Self-Citations of a Paper¶

The same idea can be turned around. Instead of looking at the references made by the paper, self-citations look at later papers that cite it and ask how often those citing papers include one of the original paper's authors.

>>> from paperscraper.citations import self_citations_paper
>>> self_citations = self_citations_paper(doi)
>>> self_citations.num_citations
141
>>> self_citations.citation_score
3.192
>>> self_citations.self_citations
{
    "Abhishek Sharma": 3.55,
    "Dániel Czégel": 0.71,
    "Michael Lachmann": 1.42,
    "C. Kempes": 3.55,
    "S. I. Walker": 4.96,
    "Leroy Cronin": 4.96,
}

Here, 4.96 means that 4.96% of the papers citing the focal paper include Leroy Cronin as an author.

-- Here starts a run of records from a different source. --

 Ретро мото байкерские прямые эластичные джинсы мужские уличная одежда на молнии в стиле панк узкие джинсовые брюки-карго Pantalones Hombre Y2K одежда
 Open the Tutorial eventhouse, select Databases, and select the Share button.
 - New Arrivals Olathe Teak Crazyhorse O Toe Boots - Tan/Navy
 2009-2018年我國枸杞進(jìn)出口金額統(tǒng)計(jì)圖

Both self_references_paper and self_citations_paper accept either one DOI/Semantic Scholar paper ID or a list. A single input returns one result object; a list returns a list of result objects.

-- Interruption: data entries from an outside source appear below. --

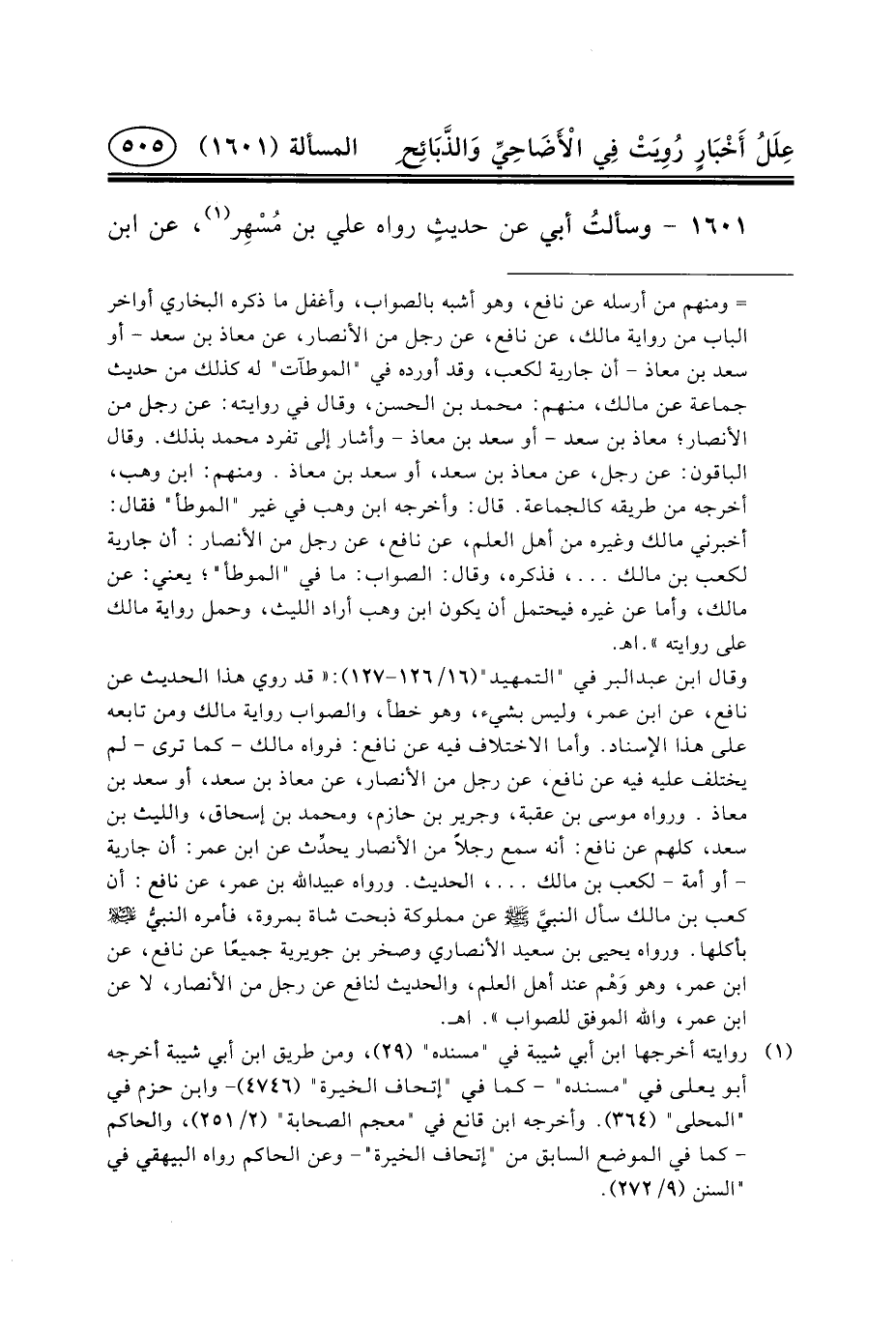 ١٦٠١ - وسألتُ أَبِي عَنْ حديثٍ رَوَاهُ علي ابن مُسْهِر (١) ، عن ابن
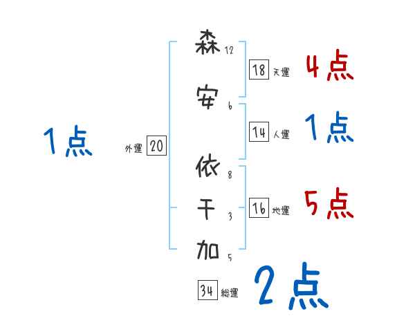 | 総運  | 森安依千加さんの総運は34画の2つ星!独創性に優れるが、自尊心が強く災難に注意しましょう。あなたの人生を表す1番重要な運勢です。生涯を通じて影響する総合運となり、主に50歳以降の晩年期に影響を及ぼします。 |
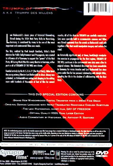 Az akarat diadala című alkotás lényegében egy hírhedt propagandafilm az 1934-es náci párt nürnbergi gyűléséről, melyen olyan pártfunkcionáriusok is részt vettek, mint Hitler, Himmler, Goebbels, Hess és Goering.

Researcher-Level Tendencies¶

Now imagine doing this for every paper of an author. This gives a researcher- level tendency for self-references and self-citations, aggregated over that author's publication record.

For author-level workflows, use Researcher. Full author analyses can take longer for large publication lists, so this example limits the run to one paper.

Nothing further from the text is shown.